World Domination is 1-2-3 for APC
Ciro Petrone, shot by Bruce Weber for APC’s lookbook
While the whole hullabaloo danced about Paris, moving from one show venue to the next, APC’s Jean Touitou was in typically quiet form, installing at Bryan Adams’ new John Pawson-designed pied-a-terre on the Ile Saint Louis. Touitou was previewing APC’s Fall/Winter collection, offering whiffs of Sustain, the house’s first scent, concocted by L.A.’s natural oils perfumer Haley Alexander van Oosten and set to debut this spring. He was also paging through the galleys of “Road Runners,” a book of Hugh Holland California skate photos from the mid-1970s he’s publishing under his own imprint in July with Greybull Press’s Lisa Eisner, and reminded us that he’s working with a team from Carhartt Europe on an upcoming collaboration combining APC’s fabrics and the brand’s workwear staples. He was also showing off his backside, which had on it a small-print, blink-and-you-could-miss-it FUCK’EM in orange embroidery below the back pocket of a pair of dark denim jeans. It’s yet another APC combo, this one with US skate brand extraordinaire Supreme.

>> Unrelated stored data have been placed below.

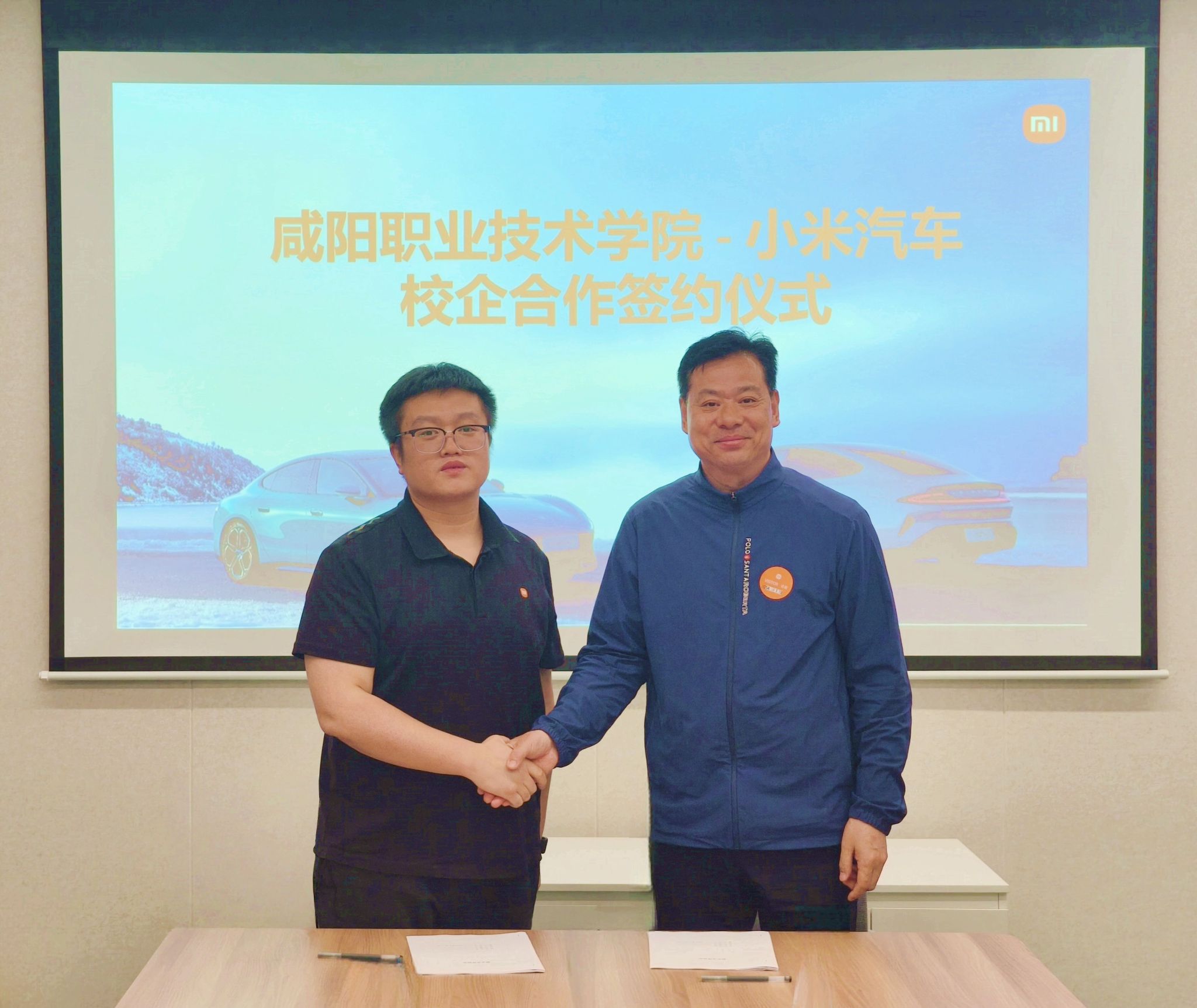 张迪、李智勇代表校企双方签订了校企合作协议。签约结束后,李智勇陪同张迪一行参观了小米汽车展厅及生产车间。
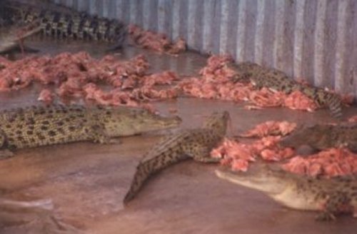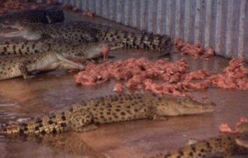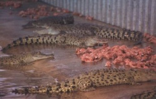 Every year the Northern Territory Conservation Commission supplies the crocodile farm with crocodiles from the Darwin harbour in a constant clearing out process, that is meant to keep 'people places' basically crocodile free. All these captured wild crocodiles face years of unnatural confinement and eventually death at the farm. Spectators ride in the ute with beer and video cameras at feeding time.
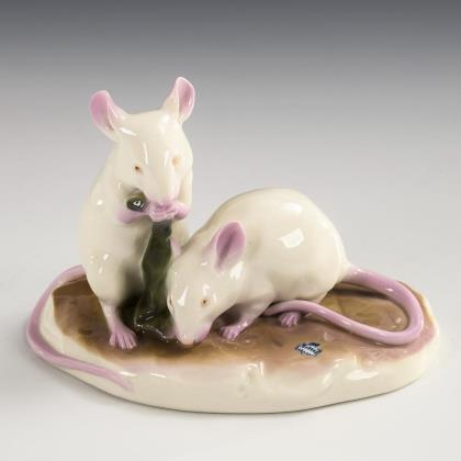 Zwei auf einem Natursockel sitzende, Grünes fressende Mäuse

After over a year of preparation, Sustain, APC’s first fragrance, is finally ready to go. Touitou hooked up with LA’s perfumer Haley Alexander van Oosten, who produces her own L’Oeil du Vent scents and plant-based skincare collection. Van Oosten came up with a 12-note scent in homage to the 12-string guitar. Interview‘s own art director duo M/M, who work frequently with APC, had to figure out what kind of bottle befitted this elixir. “They told me the best way was to take drugs and find a crazy shape,” says Touitou. Instead he went into the studio and played the Kinks’ “Waterloo Sunset.” The resulting sound graph registered by Pro Tools became a blueprint for the shape of a turned wood bottle which looks like a twisted spool of thread made in the Jura, France’s wood crafting center. “Haley introduced me to some fragrance industry people recently and when I told them I was naming the scent Sustain, they said it was a terrible choice. It’s always been like that for me. Every idea I’ve ever had has been considered a professional disaster.” Touitou’s earlier choice for a name was “Old Playboy,” “Oh,” he shrugs, “That one wasn’t right, and maybe it’s too personal.”
Touitou is a jack of all stylish trades: musician, record producer, and more recently publisher with his own imprint and a deal with the classy French underground publisher Editions du Minuit to bring out limited editions of out of print classics from its catalogue. Tony Duvert’s Abécédarie Malveillant will be one of the first. It’s one of those door-opening transgressive classics that, were it written today, would be outlawed. “This was the book I grew up with and when I found out I could bring it back in an edition of 250 copies I didn’t hesitate,” Touitou says.
We looked through the fall APC collection, which, at 500 pieces, Touitou says is really starting to get too big. Asked what his favorite things were he brought out a navy blue bandleader jacket. The braid trim brought to mind American marching bands, but the navy blue was classic French schoolgirl. And then he picked out a droopy, crunchy, and probably really cozy cardigan, it looked like an old man in the country by the fire. I wanted that one too.
APC clothes are great, beloved by Japanese hipsters and Paris’s jeunesse d’orée who live nearby the brand’s Rue Madame HQ, near the Jardin du Luxembourg. But I get the impression Touitou’s favorite things are the catalogues he produces with M/M and great photographers like Bruce Weber. It’s almost like the clothes are secondary to weaving a story about them in these great books and personal adventures. The latest one is a case in point. APC men’s Spring 2009 book, shot by Weber, features Ciro Petrone, who played the doomed junior petty criminal dude in the Naples inside-the-mafia film Gommorah by Matteo Garrone based on the best-seller by Roberto Saviano.
Not only had Petrone never left Italy, he’d never been out of the Naples region and when Touitou managed to track him down via APC’s Neapolitan shoemaker. There was no time to lose hustling a passport overnight for the actor to shoot with Weber in New York. “Ciro doesn’t speak English, and he doesn’t really speak Italian either, it’s more Neapolitan dialect,” says Touitou, who was there for the shoot. The result is an intimate portrait of the freshest faced, angel-cum-bad boy. It’s obvious he’s the next contender in the Brando-esque heart stopper category. Petrone is busy shooting films in Italy these days, but I see his future and Hollywood is in it.